To control egress traffic in your service mesh, it is recommended to set up an egress gateway that all egress traffic for an ExternalService is routed through. By also applying access policies to the ExternalService resource, you can ensure that only certain services in your mesh can send a request to the external endpoint.

Perform TLS origination with egress gateways

You can use an egress gateway to originate TLS connections and secure the connection to the external endpoint.

When a client request is sent to an external endpoint, the client’s sidecar proxy intercepts this request and securely connects to the egress gateway via mutual TLS. The egress gateway then terminates the incoming TLS connection. To protect the connection from the egress gateway to the external service, you can choose to originate a new TLS connection at the gateway and encrypt the client request before it is sent to the external endpoint.

For more information, see Route all egress traffic through an egress gateway.

Routing examples for external services

Review the following routing examples to learn more about how you can leverage ExternalService and ExternalEndpoint custom resources in your service mesh.

Route to an IP or hostname directly

The following diagram shows how you can use an external service resource to route traffic to an endpoint that is located outside your service mesh by using the endpoint’s IP address, CIDR range, or hostname. To communicate with the external endpoint, the service in the mesh must know the IP address or hostname of the external endpoint that it wants to reach. No load balancing between external endpoints is provided. If the IP address or hostname of a database instance changes, you must update these values in the external service custom resource.

Figure: Routing to external services based on locality

Route to an external endpoint by using the internal DNS name

The following diagram shows how you can leverage an external endpoint and external service resources together to set up an internal hostname for your database instances. If a service in the mesh wants to communicate with any of the database instances, a request is sent to the internal hostname. Services in the mesh do not need to be aware of the IP address or hostname of each individual instance. With this approach, traffic to the database instances is automatically load balanced.

Figure: Routing to external services with internal hostname

Route all egress traffic through an egress gateway

Instead of sending traffic from a service in the mesh to an external endpoint directly, you can route all egress traffic through an egress gateway as shown in the following diagram. Because the egress gateway is part of the service mesh, the request between the client and the egress gateway is secured via mTLS. You must make sure that your client app makes the request to the external service by using the HTTP protocol.
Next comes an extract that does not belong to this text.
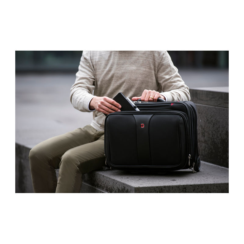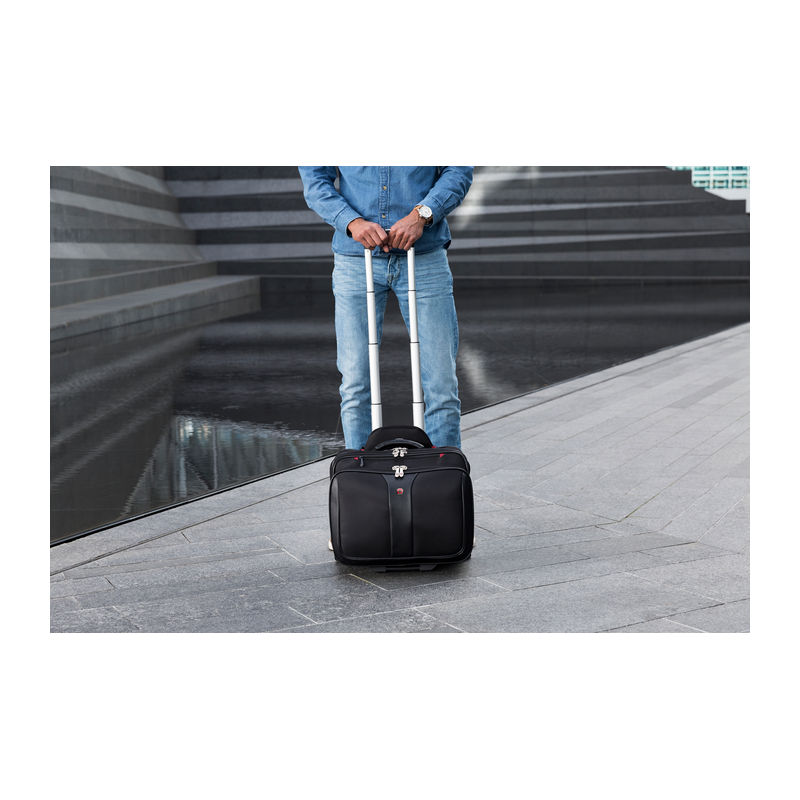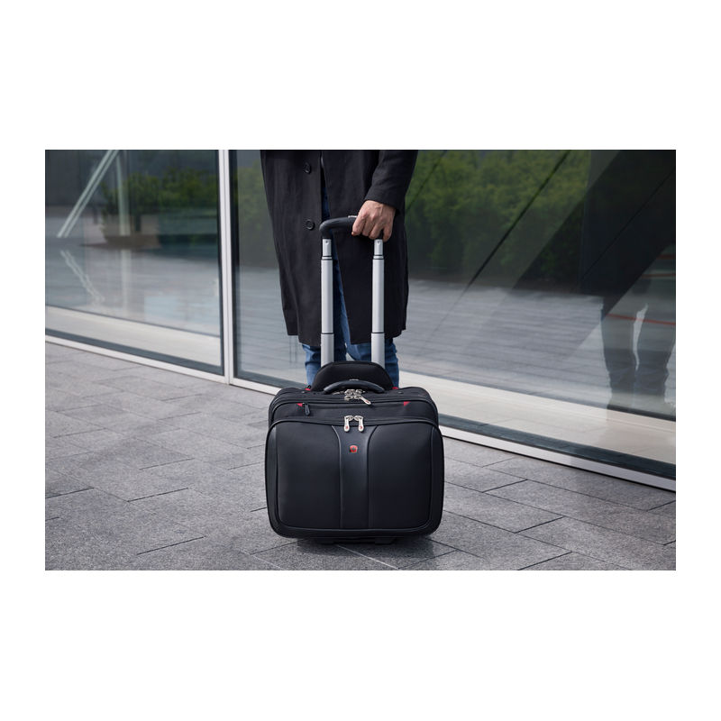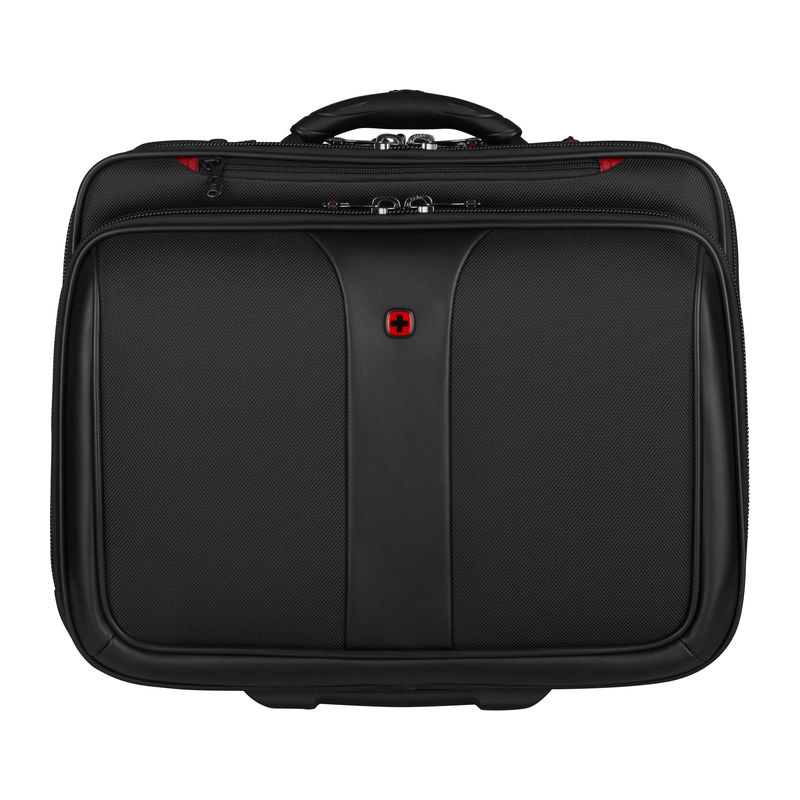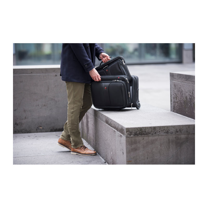 2-piece set consisting of a rolling case and a laptop bag. Computer compartment fits most 15.4/17 carrying handle, trolley strap keeps bag in place on a rolling suitcase. Organizer compartment for pens, business cards, phone and more.

Then, the client’s sidecar proxy encrypts the request via TLS and sends the request to the egress gateway. The egress gateway terminates the TLC connection and originates a new TLS connection with the target destination.

Figure: Routing to external services with an egress gateway
Figure: Routing to external services with an egress gateway

Apply overlapping external service configuration

In some cases, you might have overlapping configuration across multiple external service resources. Gloo Mesh Enterprise validates the addresses that you specify in each external service, and does not translate an external service that defines the same address as an external service that already exists in your Gloo environment. However, you can apply external services that define the same address in different workspaces, if the workspaces do not import or export the external service resources between them. For example, you might represent the same database with the same address by applying an external service in a staging workspace and by applying an external service in a prod workspace. Because you do not import or export the external service resources between these two workspaces, the external service resources can be safely applied.